(Task to carry out) Return the material exactly. Every line must stay as it is.

(Supplied material)
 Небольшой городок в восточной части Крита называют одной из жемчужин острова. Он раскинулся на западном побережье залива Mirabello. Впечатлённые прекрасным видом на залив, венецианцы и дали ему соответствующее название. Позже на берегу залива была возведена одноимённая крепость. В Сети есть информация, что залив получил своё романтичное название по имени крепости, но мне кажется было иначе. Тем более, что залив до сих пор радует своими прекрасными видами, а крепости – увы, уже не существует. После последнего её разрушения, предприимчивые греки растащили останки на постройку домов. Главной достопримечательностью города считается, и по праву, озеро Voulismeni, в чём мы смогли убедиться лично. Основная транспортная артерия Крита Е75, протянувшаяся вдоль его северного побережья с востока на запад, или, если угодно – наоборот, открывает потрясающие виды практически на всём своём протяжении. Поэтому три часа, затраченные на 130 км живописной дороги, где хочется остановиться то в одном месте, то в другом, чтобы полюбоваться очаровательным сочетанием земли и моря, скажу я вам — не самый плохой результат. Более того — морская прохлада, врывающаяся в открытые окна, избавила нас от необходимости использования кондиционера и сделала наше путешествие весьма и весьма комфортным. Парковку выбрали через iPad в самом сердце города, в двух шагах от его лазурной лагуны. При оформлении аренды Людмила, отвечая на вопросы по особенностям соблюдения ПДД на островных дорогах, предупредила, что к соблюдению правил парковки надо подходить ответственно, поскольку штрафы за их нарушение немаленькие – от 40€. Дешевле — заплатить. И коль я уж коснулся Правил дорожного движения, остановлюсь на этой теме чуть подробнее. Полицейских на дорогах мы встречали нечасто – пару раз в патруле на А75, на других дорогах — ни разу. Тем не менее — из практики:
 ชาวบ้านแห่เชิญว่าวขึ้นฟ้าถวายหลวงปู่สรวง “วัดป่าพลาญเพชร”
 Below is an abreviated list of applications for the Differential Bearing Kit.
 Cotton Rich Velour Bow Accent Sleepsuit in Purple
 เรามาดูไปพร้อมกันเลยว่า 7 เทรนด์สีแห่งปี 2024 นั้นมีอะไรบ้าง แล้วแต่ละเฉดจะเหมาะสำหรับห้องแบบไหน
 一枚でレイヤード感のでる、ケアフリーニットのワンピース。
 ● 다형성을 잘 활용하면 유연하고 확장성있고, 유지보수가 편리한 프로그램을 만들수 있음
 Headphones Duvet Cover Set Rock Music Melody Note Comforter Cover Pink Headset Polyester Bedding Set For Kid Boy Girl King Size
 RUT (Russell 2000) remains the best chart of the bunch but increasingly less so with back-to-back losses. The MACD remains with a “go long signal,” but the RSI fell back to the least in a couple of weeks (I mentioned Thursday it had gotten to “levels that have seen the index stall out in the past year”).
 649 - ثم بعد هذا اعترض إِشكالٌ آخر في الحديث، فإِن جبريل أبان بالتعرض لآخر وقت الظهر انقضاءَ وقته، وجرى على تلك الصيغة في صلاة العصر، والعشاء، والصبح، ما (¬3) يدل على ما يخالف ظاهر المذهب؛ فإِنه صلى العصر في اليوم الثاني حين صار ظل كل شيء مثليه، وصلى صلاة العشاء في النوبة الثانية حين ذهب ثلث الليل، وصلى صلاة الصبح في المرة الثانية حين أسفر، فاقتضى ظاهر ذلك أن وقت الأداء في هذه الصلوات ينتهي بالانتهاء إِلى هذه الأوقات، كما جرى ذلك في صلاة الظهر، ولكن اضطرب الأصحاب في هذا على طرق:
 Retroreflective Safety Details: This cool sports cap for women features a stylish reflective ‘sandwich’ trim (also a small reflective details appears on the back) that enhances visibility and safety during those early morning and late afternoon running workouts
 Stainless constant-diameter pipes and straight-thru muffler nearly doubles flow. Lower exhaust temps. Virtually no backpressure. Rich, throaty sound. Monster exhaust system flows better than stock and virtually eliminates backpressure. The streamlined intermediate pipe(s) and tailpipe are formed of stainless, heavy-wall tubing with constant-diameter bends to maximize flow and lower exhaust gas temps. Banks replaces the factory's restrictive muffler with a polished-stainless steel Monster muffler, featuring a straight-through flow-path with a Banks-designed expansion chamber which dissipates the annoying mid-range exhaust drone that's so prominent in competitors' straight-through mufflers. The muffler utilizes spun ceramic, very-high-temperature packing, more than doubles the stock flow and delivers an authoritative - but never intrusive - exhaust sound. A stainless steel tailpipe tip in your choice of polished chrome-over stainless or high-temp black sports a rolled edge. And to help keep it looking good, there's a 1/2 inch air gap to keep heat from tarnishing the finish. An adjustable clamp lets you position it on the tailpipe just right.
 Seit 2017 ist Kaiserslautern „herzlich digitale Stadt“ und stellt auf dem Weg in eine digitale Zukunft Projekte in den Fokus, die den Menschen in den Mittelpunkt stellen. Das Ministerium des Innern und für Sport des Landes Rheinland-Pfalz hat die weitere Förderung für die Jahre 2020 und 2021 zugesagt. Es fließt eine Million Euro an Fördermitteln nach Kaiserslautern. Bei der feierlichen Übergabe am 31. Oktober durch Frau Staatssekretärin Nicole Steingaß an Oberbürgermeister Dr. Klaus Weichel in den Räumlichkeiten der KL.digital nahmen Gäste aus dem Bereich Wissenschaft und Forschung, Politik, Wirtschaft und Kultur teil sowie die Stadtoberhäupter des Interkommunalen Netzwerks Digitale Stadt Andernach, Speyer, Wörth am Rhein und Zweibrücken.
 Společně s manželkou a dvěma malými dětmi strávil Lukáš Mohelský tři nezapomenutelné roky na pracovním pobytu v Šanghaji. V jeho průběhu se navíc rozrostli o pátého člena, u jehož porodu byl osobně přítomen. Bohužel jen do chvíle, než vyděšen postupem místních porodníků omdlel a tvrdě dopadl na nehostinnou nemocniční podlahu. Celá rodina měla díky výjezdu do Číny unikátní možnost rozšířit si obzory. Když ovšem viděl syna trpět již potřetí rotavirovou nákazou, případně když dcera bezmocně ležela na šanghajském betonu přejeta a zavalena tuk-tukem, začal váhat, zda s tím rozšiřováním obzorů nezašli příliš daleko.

(Answer box)
 Небольшой городок в восточной части Крита называют одной из жемчужин острова. Он раскинулся на западном побережье залива Mirabello. Впечатлённые прекрасным видом на залив, венецианцы и дали ему соответствующее название. Позже на берегу залива была возведена одноимённая крепость. В Сети есть информация, что залив получил своё романтичное название по имени крепости, но мне кажется было иначе. Тем более, что залив до сих пор радует своими прекрасными видами, а крепости – увы, уже не существует. После последнего её разрушения, предприимчивые греки растащили останки на постройку домов. Главной достопримечательностью города считается, и по праву, озеро Voulismeni, в чём мы смогли убедиться лично. Основная транспортная артерия Крита Е75, протянувшаяся вдоль его северного побережья с востока на запад, или, если угодно – наоборот, открывает потрясающие виды практически на всём своём протяжении. Поэтому три часа, затраченные на 130 км живописной дороги, где хочется остановиться то в одном месте, то в другом, чтобы полюбоваться очаровательным сочетанием земли и моря, скажу я вам — не самый плохой результат. Более того — морская прохлада, врывающаяся в открытые окна, избавила нас от необходимости использования кондиционера и сделала наше путешествие весьма и весьма комфортным. Парковку выбрали через iPad в самом сердце города, в двух шагах от его лазурной лагуны. При оформлении аренды Людмила, отвечая на вопросы по особенностям соблюдения ПДД на островных дорогах, предупредила, что к соблюдению правил парковки надо подходить ответственно, поскольку штрафы за их нарушение немаленькие – от 40€. Дешевле — заплатить. И коль я уж коснулся Правил дорожного движения, остановлюсь на этой теме чуть подробнее. Полицейских на дорогах мы встречали нечасто – пару раз в патруле на А75, на других дорогах — ни разу. Тем не менее — из практики:
 ชาวบ้านแห่เชิญว่าวขึ้นฟ้าถวายหลวงปู่สรวง “วัดป่าพลาญเพชร”
 Below is an abreviated list of applications for the Differential Bearing Kit.
 Cotton Rich Velour Bow Accent Sleepsuit in Purple
 เรามาดูไปพร้อมกันเลยว่า 7 เทรนด์สีแห่งปี 2024 นั้นมีอะไรบ้าง แล้วแต่ละเฉดจะเหมาะสำหรับห้องแบบไหน
 一枚でレイヤード感のでる、ケアフリーニットのワンピース。
 ● 다형성을 잘 활용하면 유연하고 확장성있고, 유지보수가 편리한 프로그램을 만들수 있음
 Headphones Duvet Cover Set Rock Music Melody Note Comforter Cover Pink Headset Polyester Bedding Set For Kid Boy Girl King Size
 RUT (Russell 2000) remains the best chart of the bunch but increasingly less so with back-to-back losses. The MACD remains with a “go long signal,” but the RSI fell back to the least in a couple of weeks (I mentioned Thursday it had gotten to “levels that have seen the index stall out in the past year”).
 649 - ثم بعد هذا اعترض إِشكالٌ آخر في الحديث، فإِن جبريل أبان بالتعرض لآخر وقت الظهر انقضاءَ وقته، وجرى على تلك الصيغة في صلاة العصر، والعشاء، والصبح، ما (¬3) يدل على ما يخالف ظاهر المذهب؛ فإِنه صلى العصر في اليوم الثاني حين صار ظل كل شيء مثليه، وصلى صلاة العشاء في النوبة الثانية حين ذهب ثلث الليل، وصلى صلاة الصبح في المرة الثانية حين أسفر، فاقتضى ظاهر ذلك أن وقت الأداء في هذه الصلوات ينتهي بالانتهاء إِلى هذه الأوقات، كما جرى ذلك في صلاة الظهر، ولكن اضطرب الأصحاب في هذا على طرق:
 Retroreflective Safety Details: This cool sports cap for women features a stylish reflective ‘sandwich’ trim (also a small reflective details appears on the back) that enhances visibility and safety during those early morning and late afternoon running workouts
 Stainless constant-diameter pipes and straight-thru muffler nearly doubles flow. Lower exhaust temps. Virtually no backpressure. Rich, throaty sound. Monster exhaust system flows better than stock and virtually eliminates backpressure. The streamlined intermediate pipe(s) and tailpipe are formed of stainless, heavy-wall tubing with constant-diameter bends to maximize flow and lower exhaust gas temps. Banks replaces the factory's restrictive muffler with a polished-stainless steel Monster muffler, featuring a straight-through flow-path with a Banks-designed expansion chamber which dissipates the annoying mid-range exhaust drone that's so prominent in competitors' straight-through mufflers. The muffler utilizes spun ceramic, very-high-temperature packing, more than doubles the stock flow and delivers an authoritative - but never intrusive - exhaust sound. A stainless steel tailpipe tip in your choice of polished chrome-over stainless or high-temp black sports a rolled edge. And to help keep it looking good, there's a 1/2 inch air gap to keep heat from tarnishing the finish. An adjustable clamp lets you position it on the tailpipe just right.
 Seit 2017 ist Kaiserslautern „herzlich digitale Stadt“ und stellt auf dem Weg in eine digitale Zukunft Projekte in den Fokus, die den Menschen in den Mittelpunkt stellen. Das Ministerium des Innern und für Sport des Landes Rheinland-Pfalz hat die weitere Förderung für die Jahre 2020 und 2021 zugesagt. Es fließt eine Million Euro an Fördermitteln nach Kaiserslautern. Bei der feierlichen Übergabe am 31. Oktober durch Frau Staatssekretärin Nicole Steingaß an Oberbürgermeister Dr. Klaus Weichel in den Räumlichkeiten der KL.digital nahmen Gäste aus dem Bereich Wissenschaft und Forschung, Politik, Wirtschaft und Kultur teil sowie die Stadtoberhäupter des Interkommunalen Netzwerks Digitale Stadt Andernach, Speyer, Wörth am Rhein und Zweibrücken.
 Společně s manželkou a dvěma malými dětmi strávil Lukáš Mohelský tři nezapomenutelné roky na pracovním pobytu v Šanghaji. V jeho průběhu se navíc rozrostli o pátého člena, u jehož porodu byl osobně přítomen. Bohužel jen do chvíle, než vyděšen postupem místních porodníků omdlel a tvrdě dopadl na nehostinnou nemocniční podlahu. Celá rodina měla díky výjezdu do Číny unikátní možnost rozšířit si obzory. Když ovšem viděl syna trpět již potřetí rotavirovou nákazou, případně když dcera bezmocně ležela na šanghajském betonu přejeta a zavalena tuk-tukem, začal váhat, zda s tím rozšiřováním obzorů nezašli příliš daleko.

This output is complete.